What is needed:
Find, in the records below, the line that contains "Шестиклассники рассказали младшим" and the line that contains "Robert Talbott Carmel". Copy those two lines and everything between them exactly, but not the pictures.

Input data:

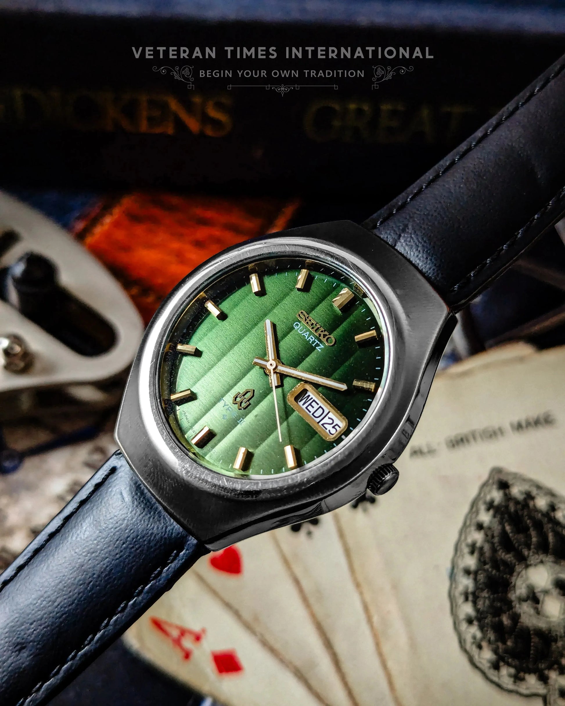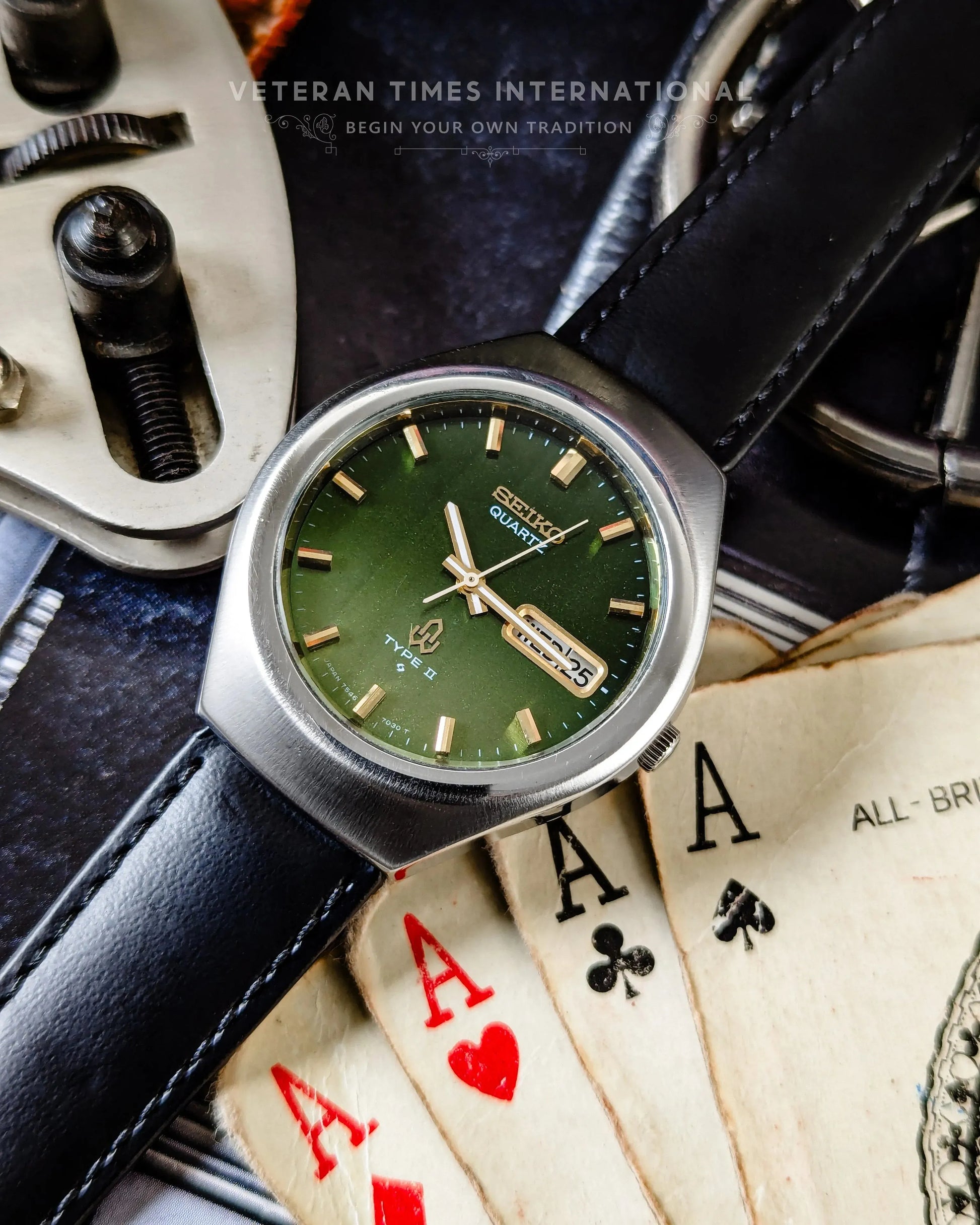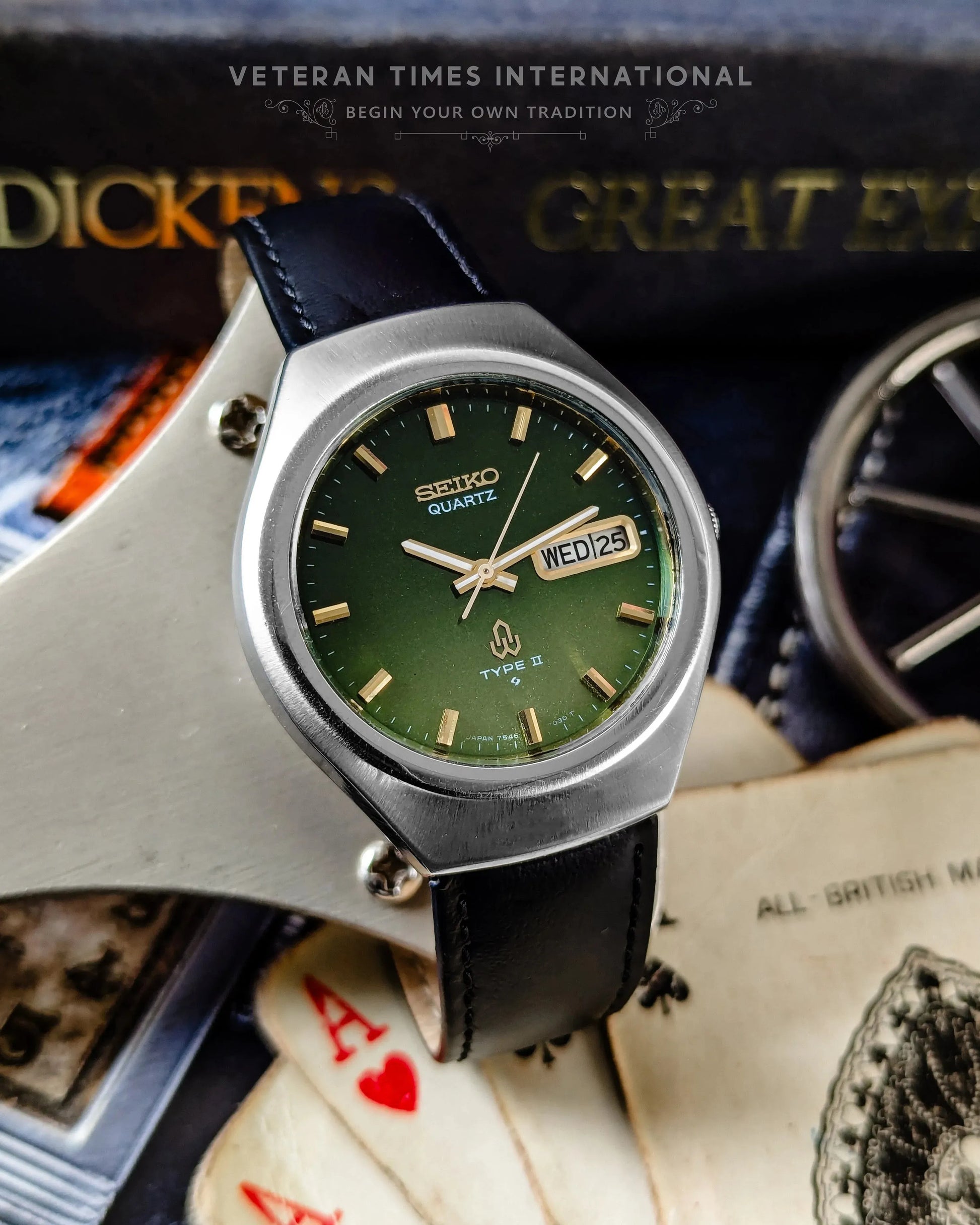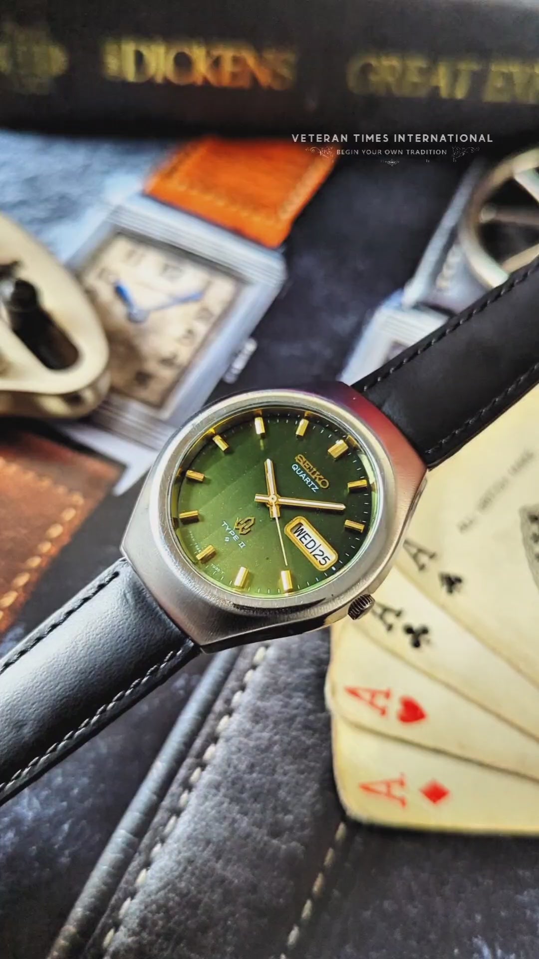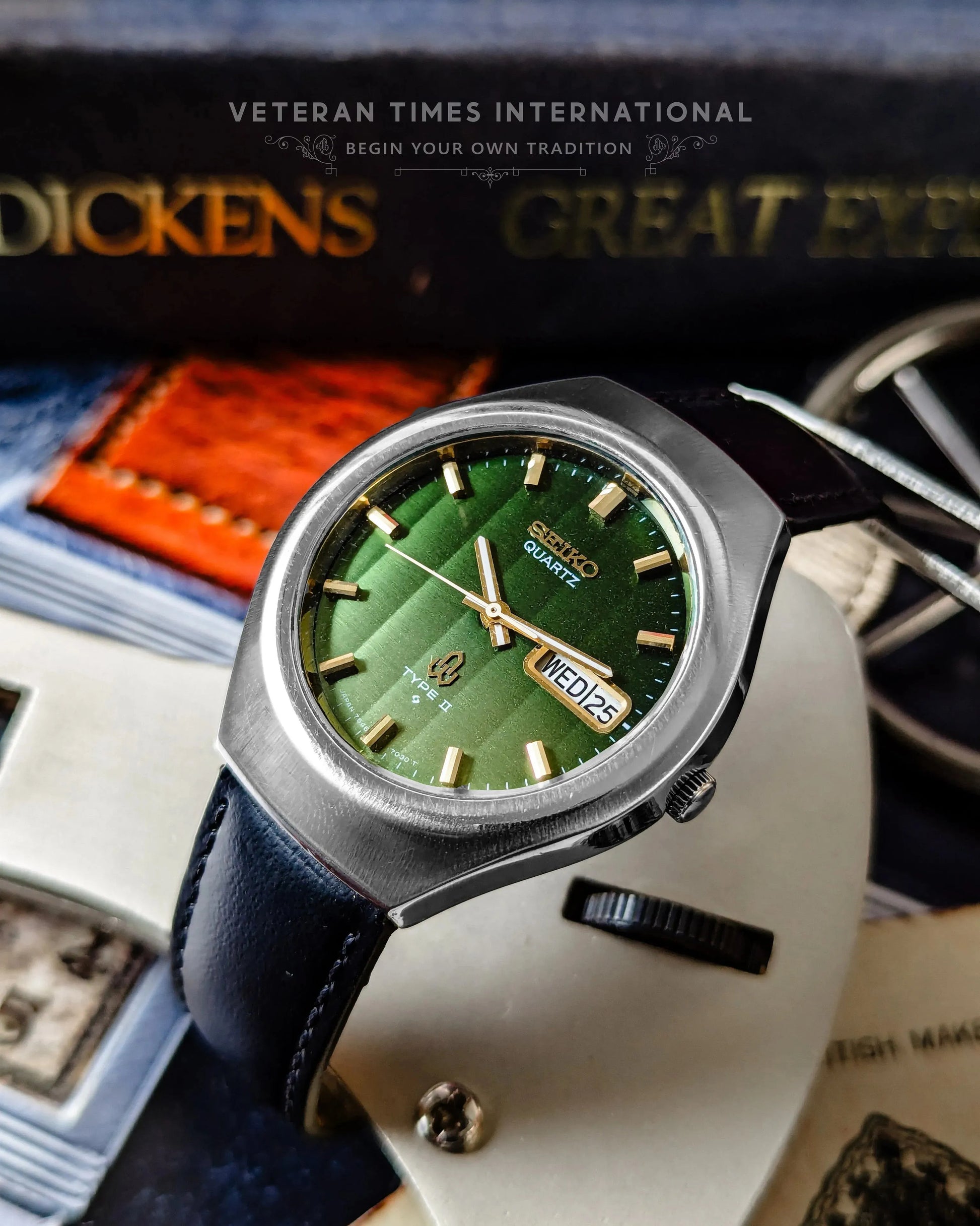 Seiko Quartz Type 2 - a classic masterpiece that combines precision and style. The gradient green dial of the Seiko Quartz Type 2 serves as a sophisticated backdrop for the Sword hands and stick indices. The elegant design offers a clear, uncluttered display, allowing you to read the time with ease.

--

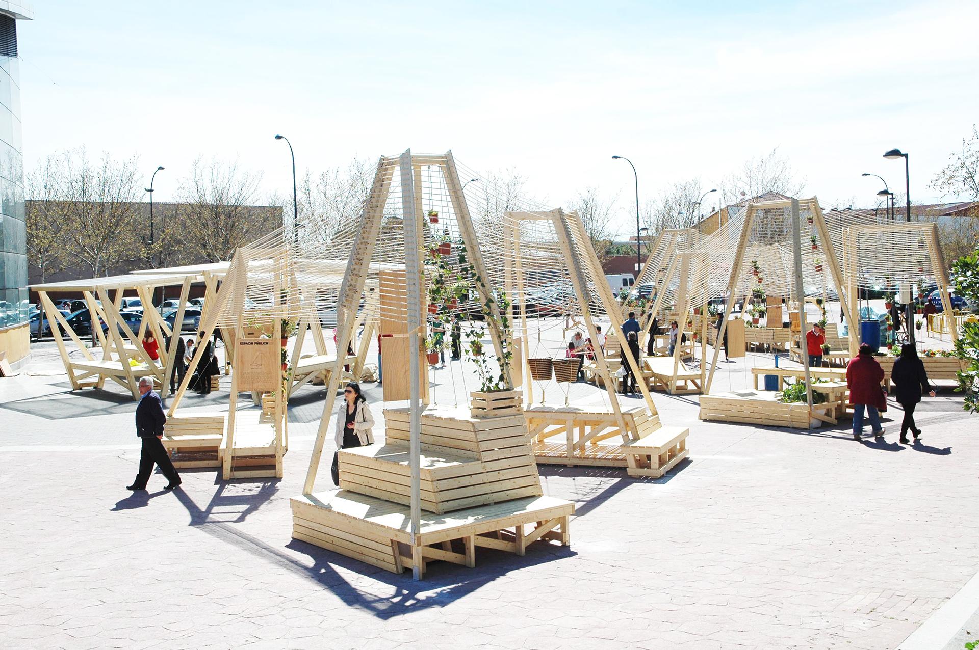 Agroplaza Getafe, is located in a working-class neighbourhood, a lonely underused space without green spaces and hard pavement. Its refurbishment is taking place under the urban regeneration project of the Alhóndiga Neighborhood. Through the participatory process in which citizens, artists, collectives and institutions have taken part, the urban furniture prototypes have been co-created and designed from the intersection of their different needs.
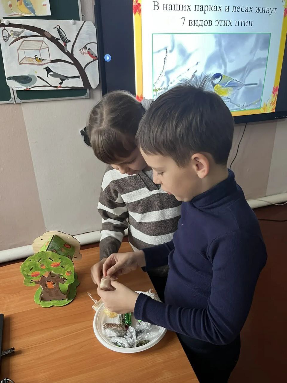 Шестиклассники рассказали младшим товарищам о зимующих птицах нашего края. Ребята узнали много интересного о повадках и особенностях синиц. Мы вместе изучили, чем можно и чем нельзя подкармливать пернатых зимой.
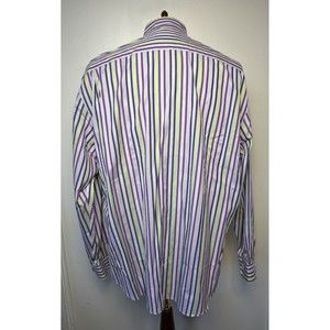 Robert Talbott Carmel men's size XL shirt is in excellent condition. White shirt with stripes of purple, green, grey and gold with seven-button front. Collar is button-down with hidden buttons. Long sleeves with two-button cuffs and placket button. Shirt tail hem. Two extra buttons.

==

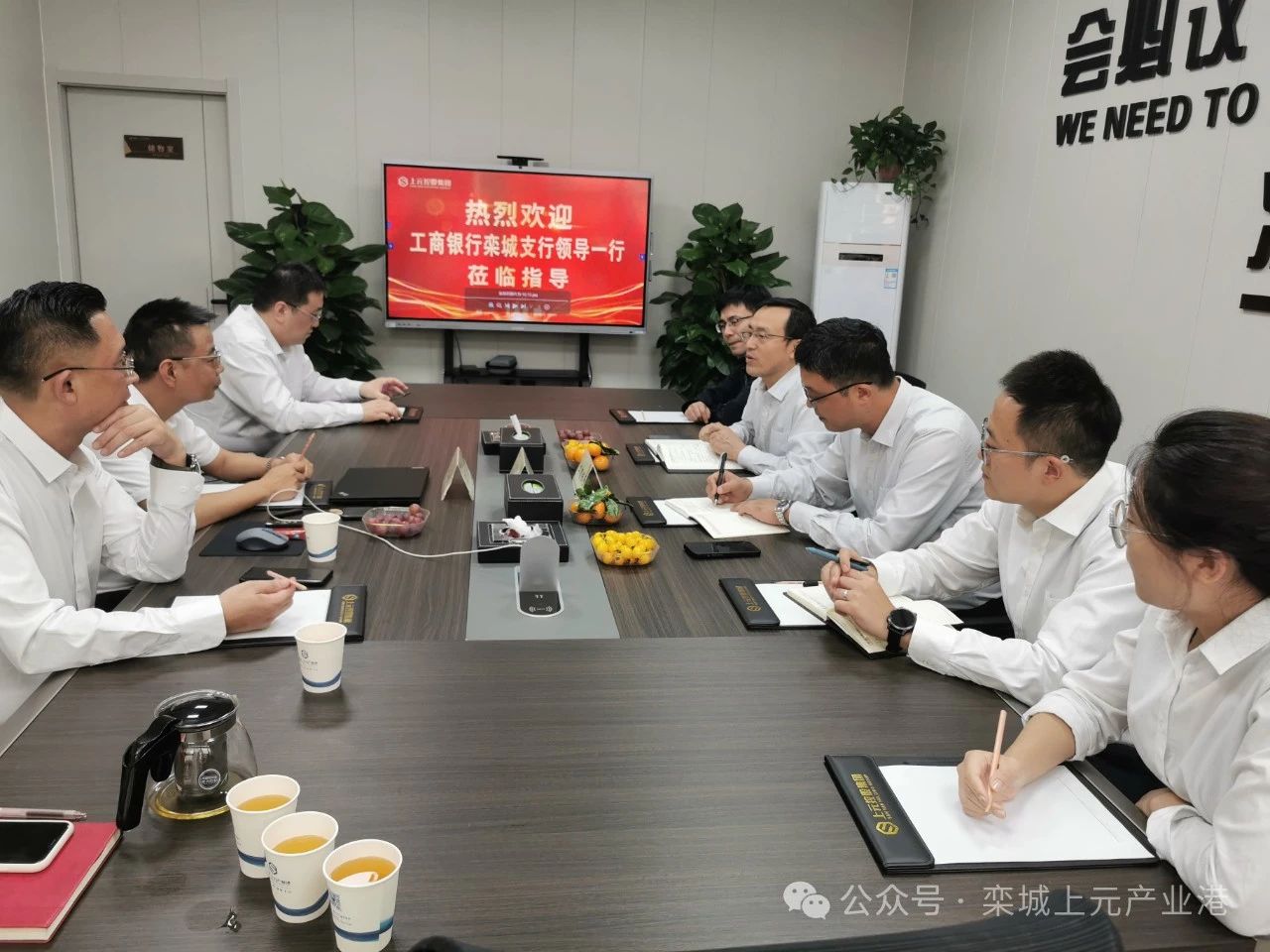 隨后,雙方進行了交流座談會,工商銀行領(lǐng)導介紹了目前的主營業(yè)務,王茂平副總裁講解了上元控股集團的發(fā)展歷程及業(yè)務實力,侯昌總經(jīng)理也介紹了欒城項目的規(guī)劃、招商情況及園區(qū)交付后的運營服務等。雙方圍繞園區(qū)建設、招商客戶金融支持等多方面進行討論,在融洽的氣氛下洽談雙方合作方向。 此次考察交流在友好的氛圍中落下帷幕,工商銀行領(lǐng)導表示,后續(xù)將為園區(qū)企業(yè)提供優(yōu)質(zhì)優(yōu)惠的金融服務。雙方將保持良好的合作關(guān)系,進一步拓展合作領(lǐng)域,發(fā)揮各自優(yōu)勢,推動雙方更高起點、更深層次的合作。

Task result:
 Шестиклассники рассказали младшим товарищам о зимующих птицах нашего края. Ребята узнали много интересного о повадках и особенностях синиц. Мы вместе изучили, чем можно и чем нельзя подкармливать пернатых зимой.
 Robert Talbott Carmel men's size XL shirt is in excellent condition. White shirt with stripes of purple, green, grey and gold with seven-button front. Collar is button-down with hidden buttons. Long sleeves with two-button cuffs and placket button. Shirt tail hem. Two extra buttons.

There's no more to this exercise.